The same may well be true for the microwave scare—a contagion of the modern mind. Recently, a Maine legislator and the mayor of San Francisco called for putting warning labels on cell phones. Last June, during the national transition from analog to digital television, Arthur Firstenberg, a leader of the wireless opposition, placed an advertisement in a weekly Santa Fe newspaper, the Reporter, soliciting accounts of adverse health reactions. The result, he reported, was a tsunami of complaints: sleeplessness, agitation, nausea, heart palpitations, headaches, exhaustion. Dogs and cats were acting strangely, and mother birds became so apathetic that they abandoned their nests.

"The quality of life here has been permanently diminished," he wrote in an e-mail to followers. "I would not be surprised if mortality temporarily rose in Santa Fe or nationwide during the past two weeks."

Corey Pein, a journalist for the Reporter, decided to investigate. It turned out that local stations had begun digital broadcasts long ago. All that happened in June was that the old-fashioned analog signals were switched off.

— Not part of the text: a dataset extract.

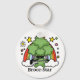 A funny keychain for your favourite brocc I mean rock star. A cute green cartoon drawing of a broccoli holding an electric guitar and wearing shades looking cool standing in front of a bright colourful rainbow and fluffy white clouds. Below the illustration in black lettering are the words Brocc Star a fun broccoli pun.

Undaunted, Mr. Firstenberg has gone on to sue his next-door neighbor for violating him with waves from her iPhone, cordless phone, iPhone charger, Wi-Fi, laptop computer, desktop computer, scanner, dimmer switches, and compact fluorescent lights. Denying him a preliminary injunction, a District Court judge recently suggested that perhaps his symptoms are psychiatric. The case is awaiting trial.

There is no doubt that ionizing radiation (ultraviolet light, X-rays, and gamma rays) can cause serious biological injury by breaking molecular bonds. And if you jumped over the fence at the Sandia Mountain antenna farm, shimmied up a tower, and stayed there for awhile, the vibrations from lower-frequency microwaves might heat your tissue enough to be dangerous.   The question is whether the vastly weaker nonionizing, nonthermal emanations from mobile phones or Wi-Fi transmitters can induce illness by disrupting—maybe through some kind of self-amplifying resonance effect—the delicate ionic signals in neurons and other cells.

It would not be all that surprising if, as some studies suggest, wisps of electromagnetism can ripple the flow of ions—which, after all, are charged particles—or have other subtle biological influences. (A good source for what experiments show, pro and con, about the effects of microwaves on EEG patterns, melatonin secretion, permeability of the blood-brain barrier, and so forth is the University of Ottawa's RFcom site.) But reviews of the research by scientific organizations in the United States, the United Kingdom, the Netherlands, Sweden, Denmark, Norway, Canada, France, Spain, and other countries have found no compelling evidence that any such effects are harmful. Most epidemiological studies of cell phones and cancer are equally reassuring.